Department of Oncology, Georgetown University School of Medicine, Georgetown University, Washington, DC.
Transplant Research Education Center, Terasaki Institute of Biomedical Innovation, Los Angeles, California.
Ann Am Thorac Soc. 2021 Nov;18(11):1886-1893. doi: 10.1513/AnnalsATS.202010-1276OC.
Although lung cancer screening (LCS) with low-dose computed tomography (LDCT) is now recommended for those meeting standard risk factor-based eligibility criteria, the role of comorbidity in the uptake of LCS with LDCT in an older real-world U.S. population is not well established. To examine the relationships between comorbidity, functional status, and LCS utilization in the United States. Using population-based data from the 2017-2019 Behavioral Risk Factor Surveillance System, we examined the association of comorbid conditions and functional limitations regarding activities of daily living with LCS utilization among participants that met the LCS criteria based on the U.S. Preventive Service Taskforce guidelines. We employed multivariable weighted logistic regression models to evaluate these associations, both overall and within subgroups defined by age (<65 yr vs. ⩾65 yr), sex, and smoking history. Of 11,214 participants who met the eligibility criteria for LCS, 1,731 (16%) underwent LCS with LDCT. The majority were White (90%), male (55%), former smokers (52%), and living with at least one chronic comorbid condition (77%). More than 28% had three or more comorbid conditions, and approximately 40% of participants reported having some form of functional limitations. In the multivariable models, the likelihood of undergoing LCS with LDCT within the past year was positively associated with higher amount of comorbidity (⩾5 vs. 0: adjusted odds ratio, 2.34; 95% confidence interval [CI], 1.22-4.48) but not with functional limitations (⩾3 vs. 0: adjusted odds ratio, 1.00; 95% CI, 0.66-1.50). The presence of comorbid conditions is associated with a higher likelihood of undergoing LCS with LDCT. Because poor health status may diminish the benefits of screening, future research is needed to precisely characterize the health status of LCS-eligible individuals.
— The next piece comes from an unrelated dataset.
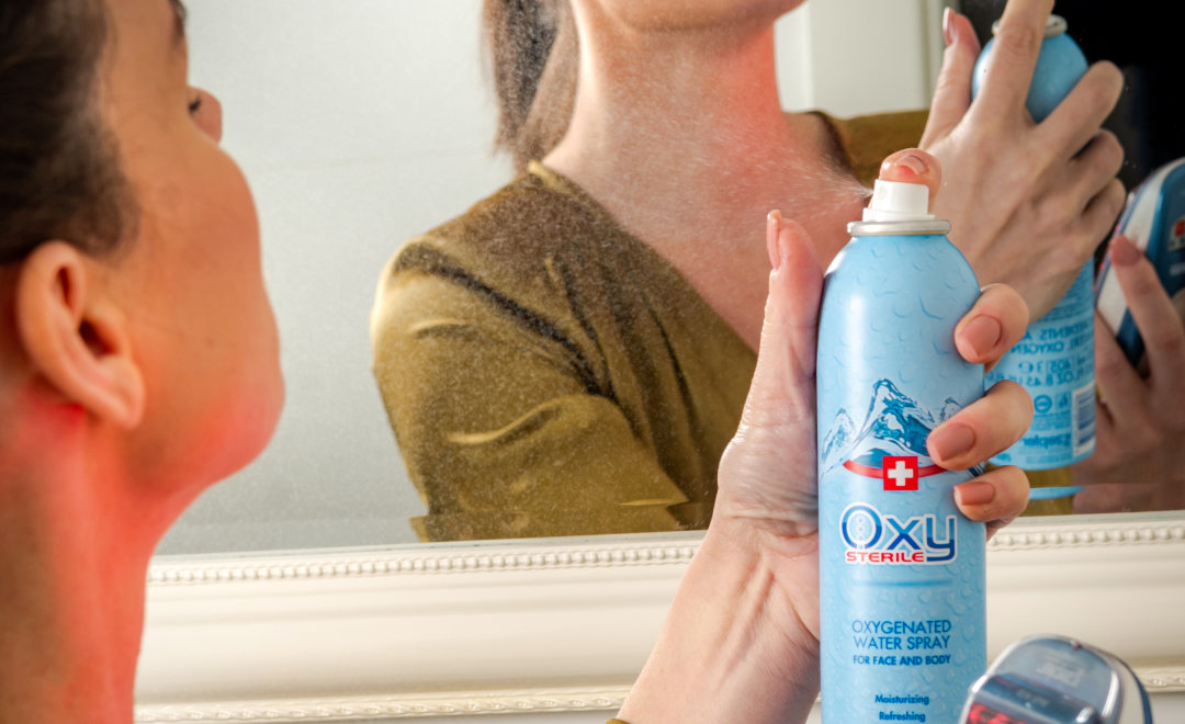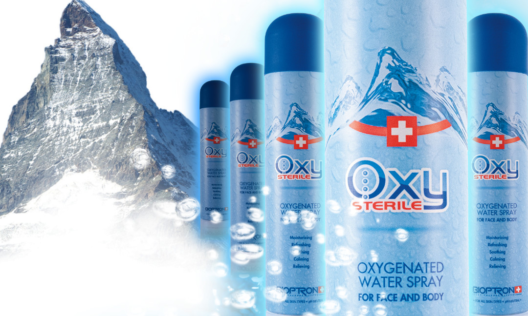 The Swiss-made Oxy Sterile Spray is pure water enriched with a concentration of oxygen for moisturizing and refresh.

虽然低剂量计算机断层扫描(LDCT)肺癌筛查(LCS)现在被推荐用于符合基于标准风险因素的入选标准的人群,但在更广泛的美国人群中,合并症在 LCS 与 LDCT 应用中的作用尚不清楚。为了研究合并症、功能状态与 LCS 在美应用之间的关系。我们利用 2017-2019 年行为风险因素监测系统的人群数据,检查了合并症和日常生活活动功能障碍与美国预防服务工作组指南规定的 LCS 标准相符的参与者中,LCS 利用情况之间的关联。我们采用多变量加权逻辑回归模型,分别从总体和年龄(<65 岁与 ⩾65 岁)、性别和吸烟史的亚组来评估这些关联。在符合 LCS 入选标准的 11214 名参与者中,有 1731 名(16%)接受了 LDCT 低剂量计算机断层扫描。大多数为白人(90%)、男性(55%)、前吸烟者(52%),至少患有一种慢性合并症(77%)。超过 28%的人有三种或更多合并症,大约 40%的参与者报告有某种形式的功能障碍。在多变量模型中,过去一年接受 LDCT 低剂量计算机断层扫描的可能性与更高的合并症数量呈正相关(⩾5 种与 0 种:调整后的优势比,2.34;95%置信区间[CI],1.22-4.48),但与功能障碍无关(⩾3 种与 0 种:调整后的优势比,1.00;95%CI,0.66-1.50)。合并症的存在与接受 LDCT 低剂量计算机断层扫描的可能性增加有关。由于健康状况不佳可能会降低筛查的益处,因此需要进一步研究来准确描述符合 LCS 条件的个体的健康状况。